The government is considering the need for “minor tweaking’’ of the Production Linked Incentive (PLI) scheme for certain sectors, such as pharmaceuticals and electronics, to meet specific requests of investors including expeditious environmental clearances and visas for technicians and experts required by Chinese vendors, sources have said.

“The Empowered Group of Secretaries (EGoS) to monitor the PLI scheme, headed by the Cabinet Secretary, met on Thursday to review the scheme for sectors, such as pharmaceuticals and large-scale electronics including mobile phones, that are doing well. The idea was to examine their problems and sort them out so that they can perform better,” a source tracking the matter told businessline.

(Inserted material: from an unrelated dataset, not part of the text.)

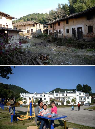 上图:江西省广昌县驿前镇贯桥村旧址一角;下图:村民们在贯桥村统一安置点的健身娱乐区域活动(拼版照片,10月14日摄)。 新华社记者 陈子夏 摄
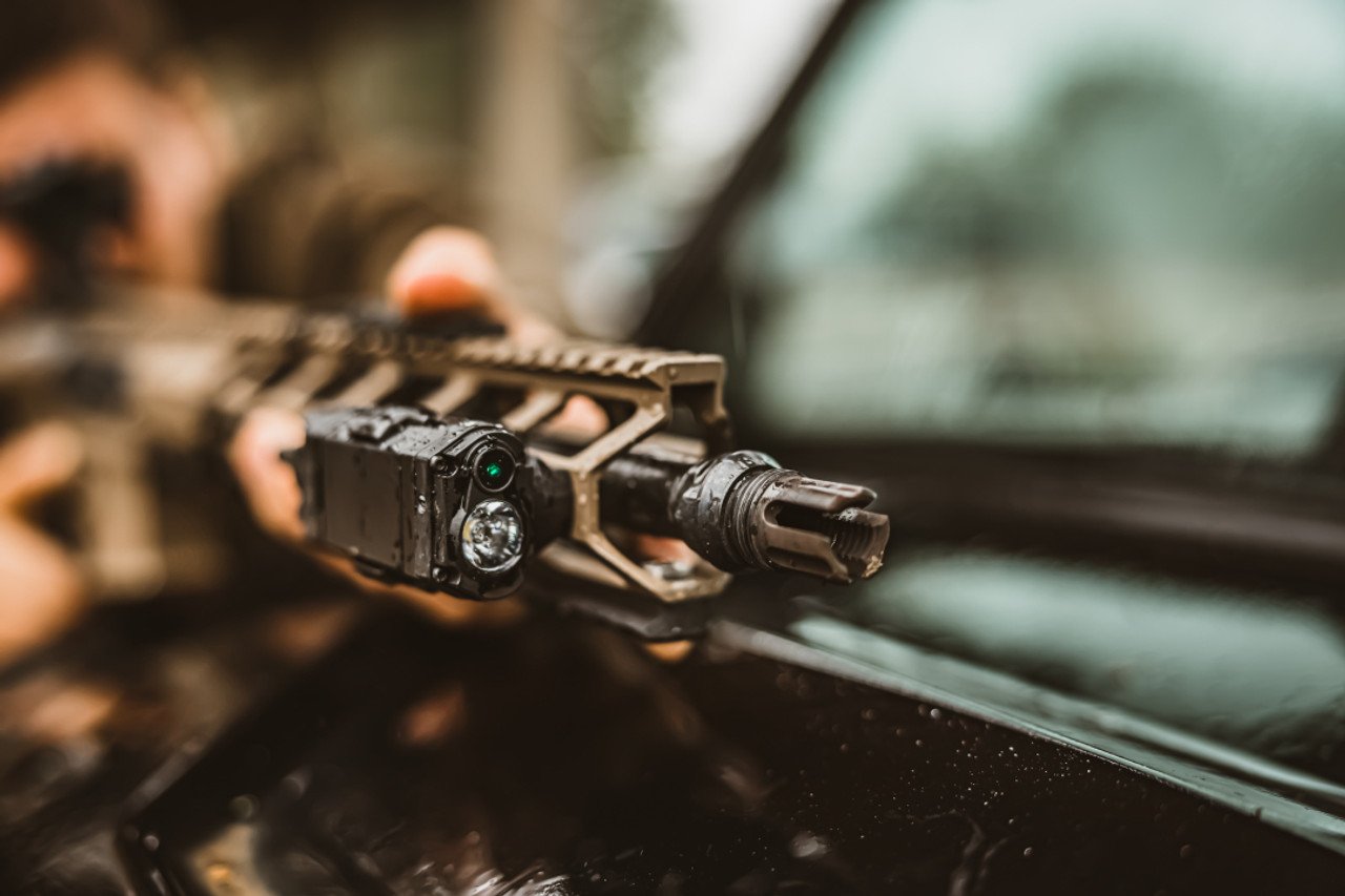 November Savings Sale: use code BFMONTH12OFF for an additional 12% off this item.Breek Arms’ lineup of Outside Threaded Muzzle Devices is an affordable upgrade that gives you the option to run a flash hider or muzzle brake while utilizing our Breek Arms Castle Blast Shield as a forward blast diverter or concussion device. Simply slide the blast shield over the outside of the muzzle device and turn the blast shield on. This gives the shooter a more pleasant experience when firing especially for shorter platforms that tend to have an overbearing concussion.

Among the problems that investors have cited, a prominent one is that of delayed environmental clearances for projects. “The EGoS will examine what the particular issues are and how can they be addressed so that environmental clearances do not stay a hurdle,” the source said.

Issuance of visas

Another hurdle faced by Chinese vendors, who are part of the PLI scheme for large-scale electronics, is getting their own technicians and experts from China to help with component manufacturing due to problems with issuance of visas. “The Chinese vendors who are manufacturing their own components in India need expertise from China. For that, timely visas need to be issued to them. This is a matter that is to be resolved,” the source said.

The EGoS on PLI will also soon hold a meeting on PLI sectors that are not doing well, the source added.

The ₹1.97-lakh crore PLI scheme was announced in 2020 to attract investments in 14 sunrise and strategic sectors, with incentives spread over a five-year period, but it is facing severe challenges in many sectors.

Procedural challenges

In June, Commerce & Industry Minister Piyush Goyal carried out a review meeting for the PLI scheme where the industry also participated. The Minister asked beneficiaries to take up procedural challenges faced by them, with respective implementing Ministries and Departments so that reforms can be brought about to make it more effective.

While the PLI scheme has attracted substantial investments in the large scale electronics sector, which includes mobile phones, and has also started showing encouraging results for the pharmaceuticals and food processing sectors, in six sectors there have been no disbursal of incentives because of very low investments and production. These include white goods, automobiles, auto parts, textiles, solar PV modules and ACC battery. In the other five sectors — medical devices, bulk drugs, telecom & networking products, technology products and drones, disbursals have been low.